Non è soltanto il timore di una guerra commerciale a incombere sulle prospettive di crescita dell’economia cinese – da cui deriva la forte perdita di fiducia nello yuan. I segnali di indebolimento della domanda interna sono numerosi da mesi e sono stati confermati dai dati recenti sugli investimenti fissi, sulle vendite al dettaglio e sulla produzione industriale, tutti peggiori del previsto. Secondo i dati Ceic riportati da Caixin, soprattutto i primi segnano il passo: 6,1 per cento di crescita tra gennaio e maggio rispetto al 7 per cento del primo quadrimestre. Anche l’investimento pubblico in infrastrutture – che include la costruzione di strade, ferrovie e altre opere pubbliche – è aumentato (solo) del 9,4 per cento nei primi cinque mesi di quest’anno, rispetto al +12,4 per cento del primo quadrimestre.
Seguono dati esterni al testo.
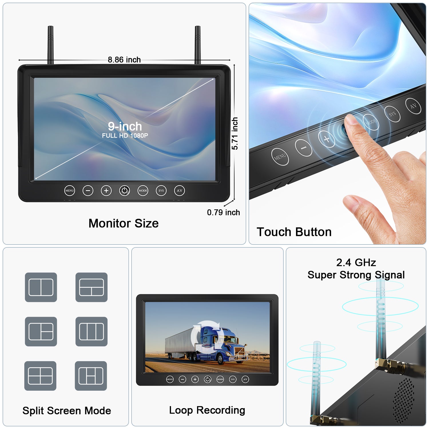 - 1080P 9-inch IPS Monitor & 8 Split-screen Modes : The 9" IPS monitor features a 1080P image processor that allows you to see images in 1920 x 1080 resolution with sharper detail, giving you more confidence and safety when driving and reversing. And it can display two, three and four cameras' image at the same time that reduced blind spots in the field of view.Optionally, you can mount it on the bench with a U-shaped bracket or fan-shaped bracket to suit your mounting needs.

L’unico segnale positivo proviene dal settore immobiliare. Sebbene gli investimenti nello sviluppo e costruzione di immobili residenziali, che rappresentano la maggior parte della spesa nel settore, siano cresciuti allo stesso ritmo dei primi quattro mesi – +14,2 per cento – diversi indicatori anticipano un rialzo. La crescita dei nuovi alloggi residenziali si è attestata al 13,2 per cento nei primi cinque mesi di quest’anno contro il 9,4 per cento del primo quadrimestre, mentre le vendite sono aumentate del 2,3 per cento rispetto allo 0,4 per cento dei primi quattro mesi. Anche gli acquisti di terreni da parte dei costruttori sono diventati positivi, con un guadagno anno su anno del 2,1 per cento nei primi cinque mesi, dopo un calo del 2,1 per cento nel periodo gennaio-aprile.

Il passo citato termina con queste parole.